**EXERCISE**
The answer must be an exact copy of the lines from the one containing "2025年吉林省高考分数线" through the last line of the records, with no pictures.

**PROVIDED RECORDS**
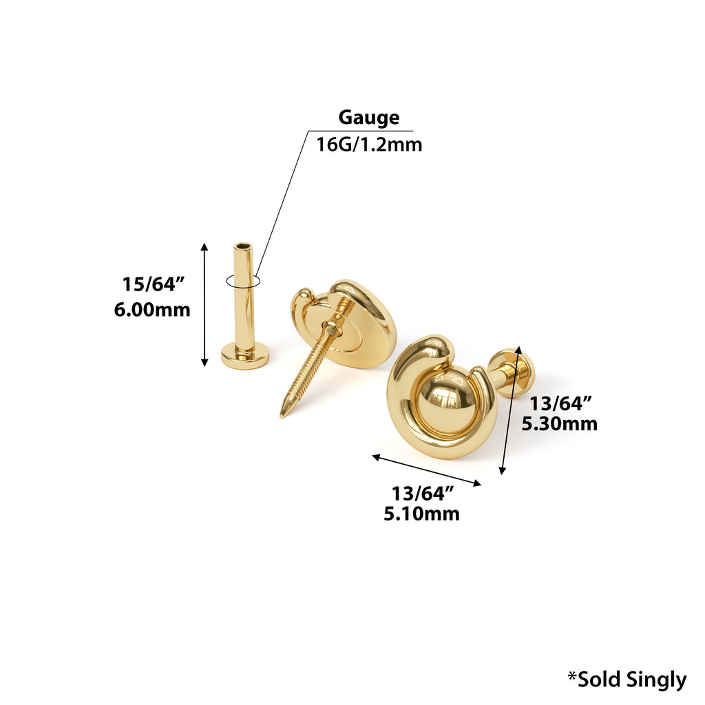 The threaded screw pin earring post is easy to insert and remove, and the flat back makes it comfortable to wear. Our screw pin flat back earring studs are made of solid 14k gold and are hypoallergenic and nickel free.
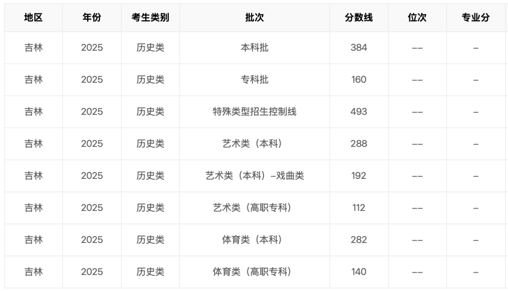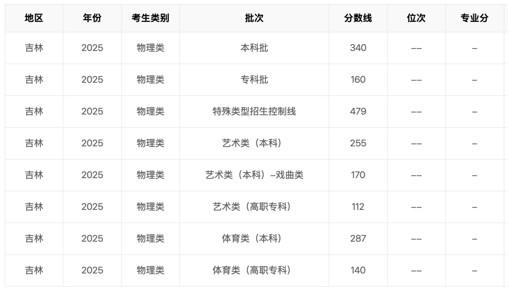 2025年吉林省高考分数线
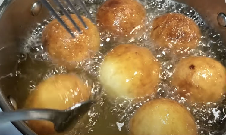 Осталось только обжарить шарики в кипящем масле до золотистого цвета.
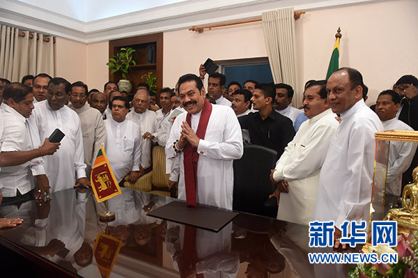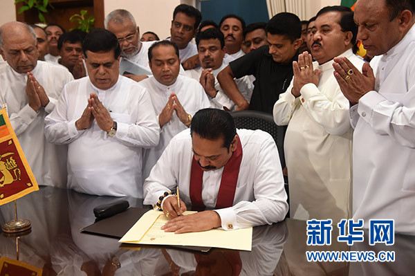 10月29日,在斯里蘭卡科倫坡,拉賈帕克薩(中)在總理辦公室舉行履新儀式。 新華社發(哈普拉徹奇 攝)
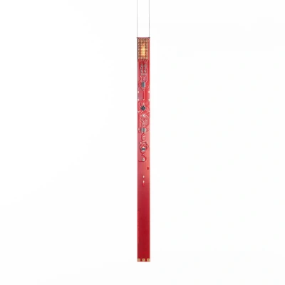LED designer pendant light One New Flame equipped with touch dimmer One New Flame - this extraordinary designer pendant light could not be more aptly titled, as the light interprets the flickering of real candlelight in a completely new way. 256 LEDs, which simulate the flickering of a real candle in a deceptively realistic way, have been installed in the upper part of the elongated body of the luminaire. The brightness of each LED is 6 lumens, but it should be noted that all LEDs never light up at the same time. The designers used video footage of a real candle flame as the starting point for the production of this light. The LED display, onto which the candle flame is projected, was integrated into a 43 cm long electronic board, which gives the pendant light its unusual appearance. The light can be dimmed using a button switch located in the centre of the circuit board. The flat circuit board is connected to the white ceiling canopy via fine cables, so that no eye-catching wire or cable construction can distract from this sensational light source. One New Flame thus appears to float in the centre of the room, spreading a slightly different kind of romance in its immediate surroundings. One New Flame was designed in 2013 by Munich-based industrial designer Ingo Maurer and his team. Mauren is known for his lighting artworks, which stand out from the crowd with their extravagance and always provide a surprise effect.
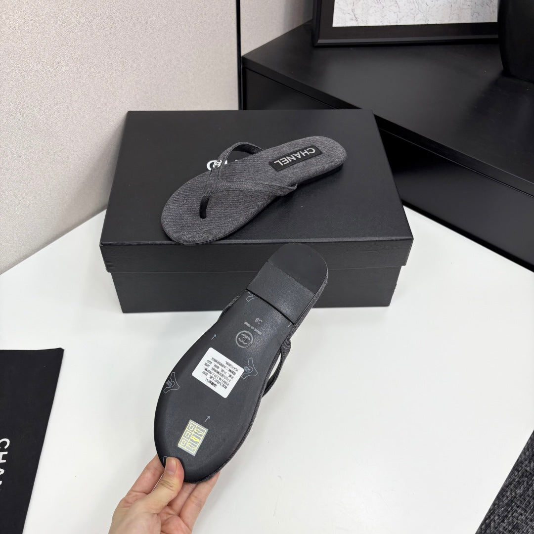 CC Crystal Logo Thong Sandal Grey Fabric And Sheepskin 352482

**RESULT OF THIS EXERCISE**
 2025年吉林省高考分数线
 Осталось только обжарить шарики в кипящем масле до золотистого цвета.
 10月29日,在斯里蘭卡科倫坡,拉賈帕克薩(中)在總理辦公室舉行履新儀式。 新華社發(哈普拉徹奇 攝)
LED designer pendant light One New Flame equipped with touch dimmer One New Flame - this extraordinary designer pendant light could not be more aptly titled, as the light interprets the flickering of real candlelight in a completely new way. 256 LEDs, which simulate the flickering of a real candle in a deceptively realistic way, have been installed in the upper part of the elongated body of the luminaire. The brightness of each LED is 6 lumens, but it should be noted that all LEDs never light up at the same time. The designers used video footage of a real candle flame as the starting point for the production of this light. The LED display, onto which the candle flame is projected, was integrated into a 43 cm long electronic board, which gives the pendant light its unusual appearance. The light can be dimmed using a button switch located in the centre of the circuit board. The flat circuit board is connected to the white ceiling canopy via fine cables, so that no eye-catching wire or cable construction can distract from this sensational light source. One New Flame thus appears to float in the centre of the room, spreading a slightly different kind of romance in its immediate surroundings. One New Flame was designed in 2013 by Munich-based industrial designer Ingo Maurer and his team. Mauren is known for his lighting artworks, which stand out from the crowd with their extravagance and always provide a surprise effect.
 CC Crystal Logo Thong Sandal Grey Fabric And Sheepskin 352482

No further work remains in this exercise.